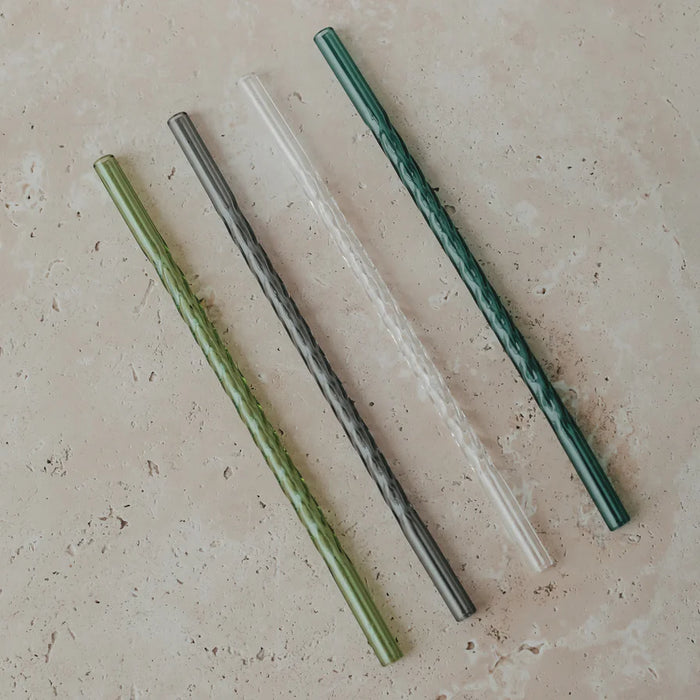 Gedrehte Trinkhalme aus Glas 20cm - 4er Set
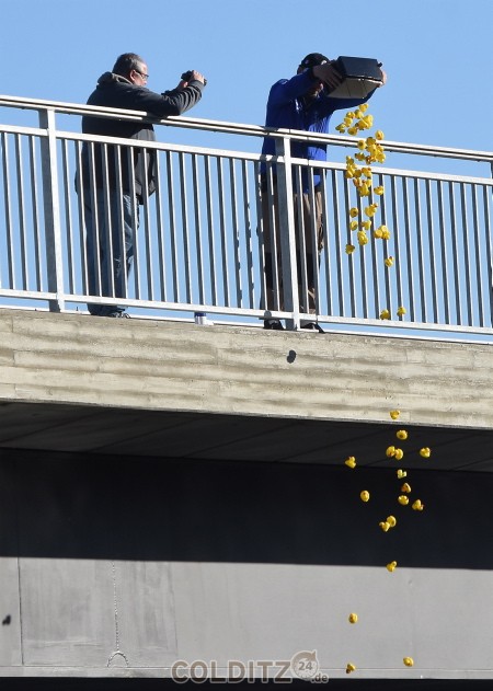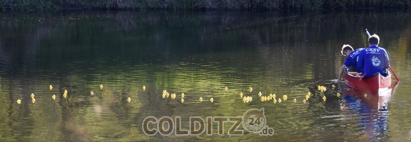 Dann rückte einer der Höhepunkte des Tages näher; das Entenrennen. 64 kleine Entlein stürzten sich aus luftiger Höhe ins Wasser und kämpften um die besten Plätze. Nachdem die Jungs vom Kanu-Klub die ersten und letzten Enten herausgefischt hatten, kam es zur Siegerehrung. Damit war die Muldenfestregatta aber noch längst nicht beendet. Ein gemütlicher Abend mit vielen Darbietungen stand bevor, um den Gästen ein abwechslungsreiches Programm zu bieten.
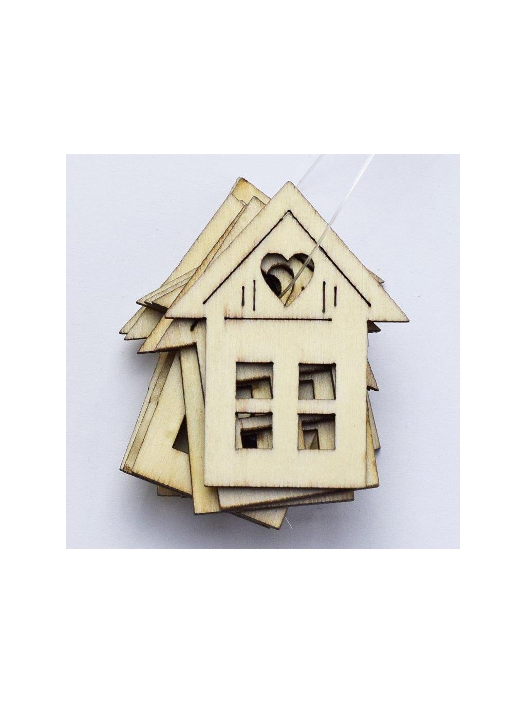 Výřez z překližky, G38, DOMEČEK SE SRDCEM, 2x3cm, 1ks
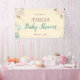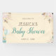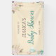 This elegant baby shower banner features soft flowers accented with greenery and feathers. Another graphic in the lower left corner features gift boxes with balloons. The banner offers many colours which make is perfect for a gender neutral baby shower.
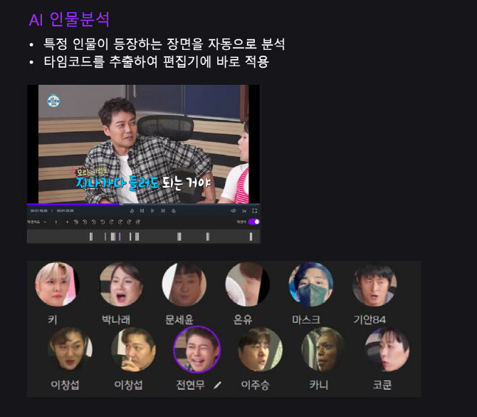 특정인물이 등장하는 장면을 AI가 자동으로 분석해주고 있다.(사진=네이버클라우드)
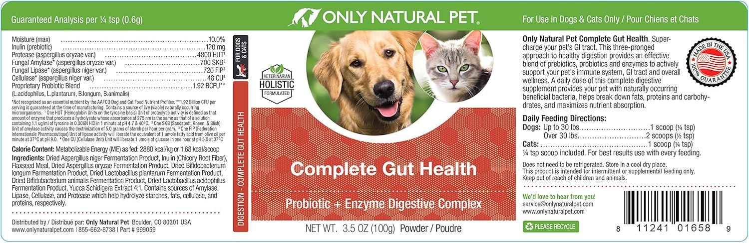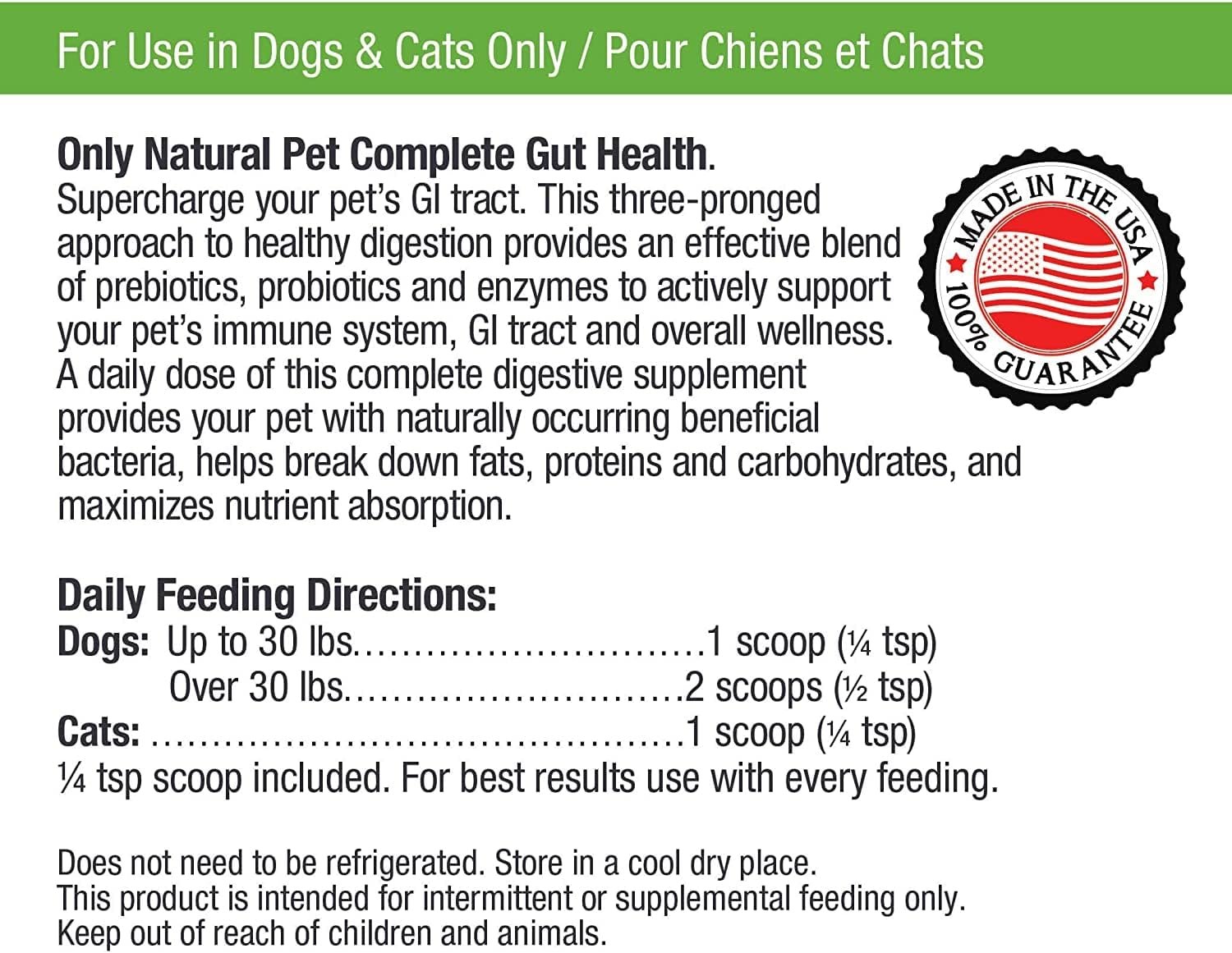 DIGESTIVE CARE FOR YOUR PET: Only Natural Pet Complete Gut Health Complex offers three components to care for your pet’s entire digestive system. It includes digestive enzymes, prebiotics, and probiotics to help break down fats, proteins, and carbohydrates, and to support healthy microflora.
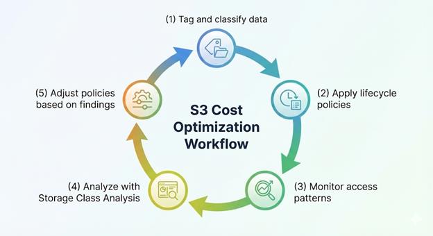 Tags enable granular cost allocation, access control, and lifecycle policy application. A robust tagging strategy transforms S3 cost management from bucket-level guessing to object-level precision.

What the exercise asks: Write out the data above in full and exactly, but without the pictures.

Exercise output:
 Gedrehte Trinkhalme aus Glas 20cm - 4er Set
 Dann rückte einer der Höhepunkte des Tages näher; das Entenrennen. 64 kleine Entlein stürzten sich aus luftiger Höhe ins Wasser und kämpften um die besten Plätze. Nachdem die Jungs vom Kanu-Klub die ersten und letzten Enten herausgefischt hatten, kam es zur Siegerehrung. Damit war die Muldenfestregatta aber noch längst nicht beendet. Ein gemütlicher Abend mit vielen Darbietungen stand bevor, um den Gästen ein abwechslungsreiches Programm zu bieten.
 Výřez z překližky, G38, DOMEČEK SE SRDCEM, 2x3cm, 1ks
 This elegant baby shower banner features soft flowers accented with greenery and feathers. Another graphic in the lower left corner features gift boxes with balloons. The banner offers many colours which make is perfect for a gender neutral baby shower.
 특정인물이 등장하는 장면을 AI가 자동으로 분석해주고 있다.(사진=네이버클라우드)
 DIGESTIVE CARE FOR YOUR PET: Only Natural Pet Complete Gut Health Complex offers three components to care for your pet’s entire digestive system. It includes digestive enzymes, prebiotics, and probiotics to help break down fats, proteins, and carbohydrates, and to support healthy microflora.
 Tags enable granular cost allocation, access control, and lifecycle policy application. A robust tagging strategy transforms S3 cost management from bucket-level guessing to object-level precision.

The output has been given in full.